Erdeman Properties Limited v KCB Bank Limited [2023] KEHC 26954 (KLR)
Full Case Text
Erdeman Properties Limited v KCB Bank Limited (Commercial Case E208 of 2022) [2023] KEHC 26954 (KLR) (Commercial and Tax) (15 December 2023) (Ruling)
Neutral citation: [2023] KEHC 26954 (KLR)
Republic of Kenya
In the High Court at Nairobi (Milimani Commercial Courts)
Commercial and Tax
Commercial Case E208 of 2022
DO Chepkwony, J
December 15, 2023
Between
Erdeman Properties Limited
Plaintiff
and
Kcb Bank Limited
Defendant
Ruling
1. This ruling relates to the Plaintiff’s/Applicant’s Notice of Motion application dated 7th June, 2023, which substantively seeks an order of temporary injunction restraining the Defendant/Respondent, its agents, employees, servants or any other person or entity claiming through it from downgrading, interfering with the credit rating and listing or in anyway whatsoever, interfering with the Plaintiffs loan Account Number AA19239CV505 at the Defendant Bank pending the determination of the suit herein.

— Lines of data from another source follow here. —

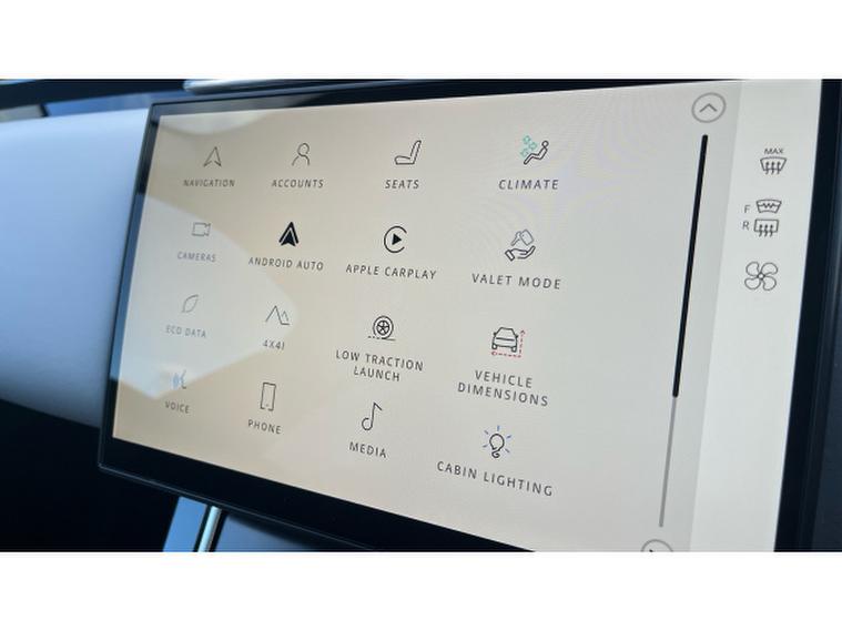 Inside, the interior is beautifully trimmed in Ebony, delivering the premium craftsmanship and comfort expected from a Range Rover. The cabin combines luxury materials with advanced technology to ensure every journey is both relaxing and connected.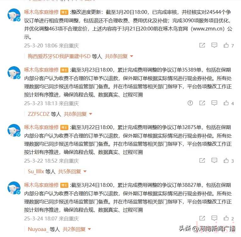 然而,僅發(fā)布了兩條印有公章的整改聲明后,后續(xù)進展就只在3月17日微博的留言中模板化更新了,3月21日至24日的留言只有處理爭議訂單數(shù)量的變動,“多位網友吐槽啄木鳥整改敷衍”的話題也登上熱搜。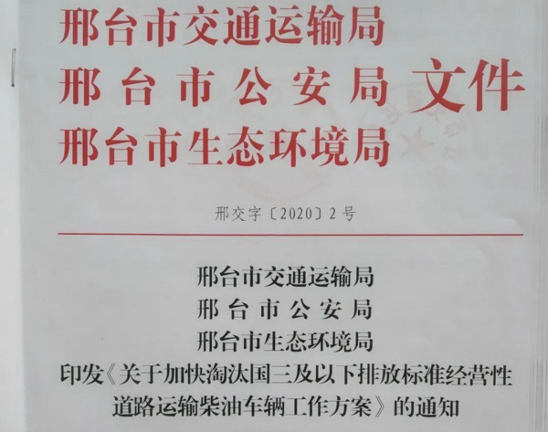 近日,河北邢臺市出臺《關于加快淘汰國三及以下排放標準經(jīng)營性道路運輸柴油車輛工作方案》,引導、鼓勵國三車所有人主動淘汰,對到達報廢期限未報廢的堅決予以取締。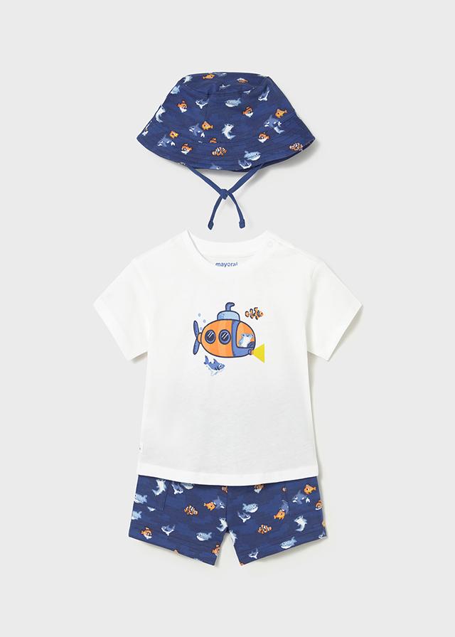 Conjunto con gorrito que es perfecto para los días de más calor del verano, compuesto por camiseta de manga corta con dibujo en el delantero de un submarino, pantalón corto estampado en marino con motivos del mar.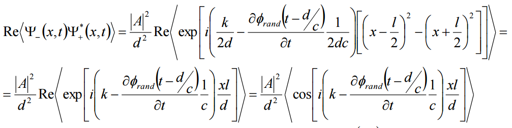 אני צריך לחשב את תבנית ההתאבכות של שני מקורות אור נקודתיים הממוקמים במרחק l זה מזה על פני מדך במרחק d המוצב במקביל לקו המחבר בין שני המקורות, המקיים http://www.codecogs.com/gif.latex?d%5Cgg%20%5Cleft%20%7C%20x%5Cpm%5Cfrac%7Bl%7D%7B2%7D%20%5Cright%20%7C. פוקנצית הגל של המקורות: http://www.codecogs.com/gif.latex?%5Cpsi(%5Cvec%20r,%20t)=%5Cfrac%7BA%7D%7Br%7D%5Cexp%5Bi(kr-%5Comega%20t-%20%5Cphi_%7Brand%7D(t-%5Cfrac%7Br%7D%7Bc%7D))%5D phi rand זהה עבור שני המקורות. פיתוח של r לטור טיילור נותן: http://www.codecogs.com/gif.latex?r%5Ccong%20d+%5Cfrac%7B%5Cleft%20(x%5Cpm%5Cfrac%7Bl%7D%7B2%7D%20%5Cright%20)%5E2%7D%7B2d%7D ובהתאם ל- phi: http://www.codecogs.com/gif.latex?%5Cphi%5Cleft%20(%20t-%5Cfrac%7Br%7D%7Bc%7D%20%5Cright%20)%5Ccong%5Cphi%5Cleft%20(%20t-%5Cfrac%7Bd%7D%7Bc%7D%20-%5Cfrac%7B%5Cleft%20(%20x%5Cpm%5Cfrac%7Bl%7D%7B2%7D%20%5Cright%20)%7D%7B2dc%7D%5Cright%20)%5Ccong%5Cphi%5Cleft%20(%20t-%5Cfrac%7Bd%7D%7Bc%7D%20%5Cright%20)-%5Cfrac%7B%5Cpartial%20%5Cphi%20%5Cleft%20(%20t-%5Cfrac%7Bd%7D%7Bc%7D%20%5Cright%20)%7D%7B%5Cpartial%20t%7D%5Cfrac%7B%5Cleft%20(%20x%5Cpm%5Cfrac%7Bl%7D%7B2%7D%20%5Cright%20)%5E2%7D%7B2%20d%20c%7D ה"נוסחה" לעוצמה: http://www.codecogs.com/gif.latex?I(x,t)=%5Cleft%20%5Clangle%20%5Cleft%20%7C%5Cpsi_%7B-%7D%20%5Cright%20%7C%5E2%20%5Cright%20%5Crangle+%5Cleft%20%5Clangle%20%5Cleft%20%7C%5Cpsi_%7B+%7D%20%5Cright%20%7C%5E2%20%5Cright%20%5Crangle+2Re%5Cleft%20%5Clangle%20%5Cpsi_%7B-%7D%5Cpsi%5E*_%7B+%7D%20%5Cright%20%5Crangle ועכשיו, אני לא מבין את הפיתוח לביטוי המעורב. אשמח לעזרה שם (תמונה).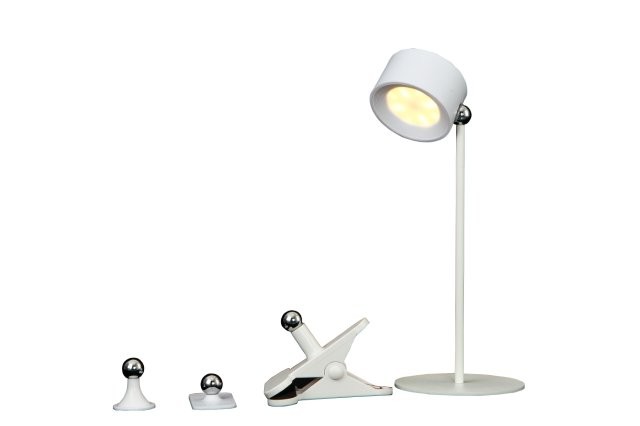 DIMMABLE, TOUCH SWITCH CCT 30K,40K,60K, DC5V/2A, IP20, BATTERY INCLUDED 1200MAH*1, WHITE FINISHED, MULTIFUNCTIONAL TABLE, CLIP ( MAGNETIC), TYPE-C WIRE 80CM, METAL MATERIAL, D-12CM H-28CM

2. The grounds in support of the application as adduced on its face and reproduced in the affidavit of Zeyun Yang, the Applicant’s Director sworn on 7th June, 2022 and further Affidavit of Mr. Zeyun sworn on 28th October, 2022 is that; sometimes between the year 2015 to 2018; the Plaintiff obtained credit facilities from the Respondent to a tune of Kshs.1. 84 Billion to finance its construction projects including the Great Wall Gardens 1 Project on LR No 27317/2 in Athi River. That the Plaintiff met all its loan repayment obligations until 12th March, 2020 when its operations dwindled due to disruptions by Covid-19 Pandemic and the Plaintiff was forces to close down its sites and the uptake of the apartments or units drastically slowed down. The parties engaged and agreed to restructure the loan facilities and to give and obtain moratoriums on principals and interest at various times of the existence of the fiduciary relationship noting the economic situation in the country and world over on the basis of mutual understanding between the parties.

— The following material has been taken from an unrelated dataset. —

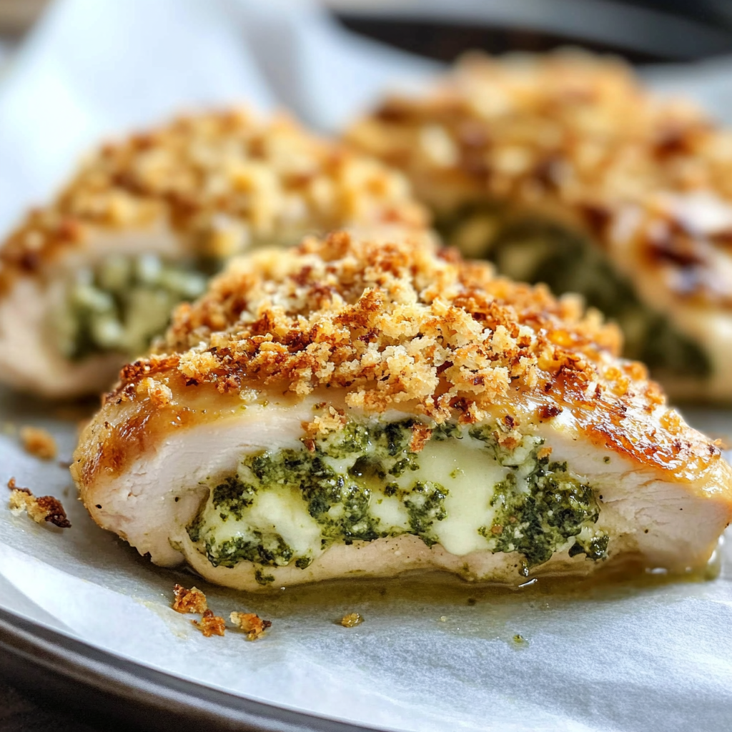 - Overstuffing the chicken: Packing too much filling can cause the chicken to burst. Use just enough pesto mixture to fill each breast without overflowing.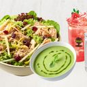 Menu obsahuje salát 265 g, polévku 160 ml a nápoj 0,33 l/ 0,4 l.

3. The Plaintiff avers that it mistakenly advertised for sale and eventually sold One Hundred (100) units on LR No 27317/2 in Athi River of the Great Wall Gardens 1 Phase 11 which had been charged with the Defendant/Respondent but upon realizing the mistake it informed the Respondent of the same. Thereafter, all hell broke loose since the Defendant/Respondent completely refused to offer further facilities to the Plaintiff and continually resorted to sending a notification and threats to list the Plaintiff with the Credit Reference Bureaus. Eventually, the Respondent caused the Plaintiff/applicant to be enlisted with the Credit Reference Bureaus (CRB) thereby (sic) incapacitating the Plaintiff economically. Having been listed with the Credit Reference Bureaus (CRB), the Plaintiff/Applicant avers that it cannot procure loans from other financing facilities to finance its projects or even service the loans advanced by the Respondent hence the need for the orders being sought.
4. Finally, the Plaintiff/Applicant has averred that although the Respondent is statutorily mandated to provide its customers credit information, the Respondent is not under any mandate to provide such information where the information also relates to third parties. That in this case, there are third parties who have purchased units under the Plaintiff’s project, and they are likely to be affected by the enlisting of Plaintiff with the Credit Reference Bureaus (CRB).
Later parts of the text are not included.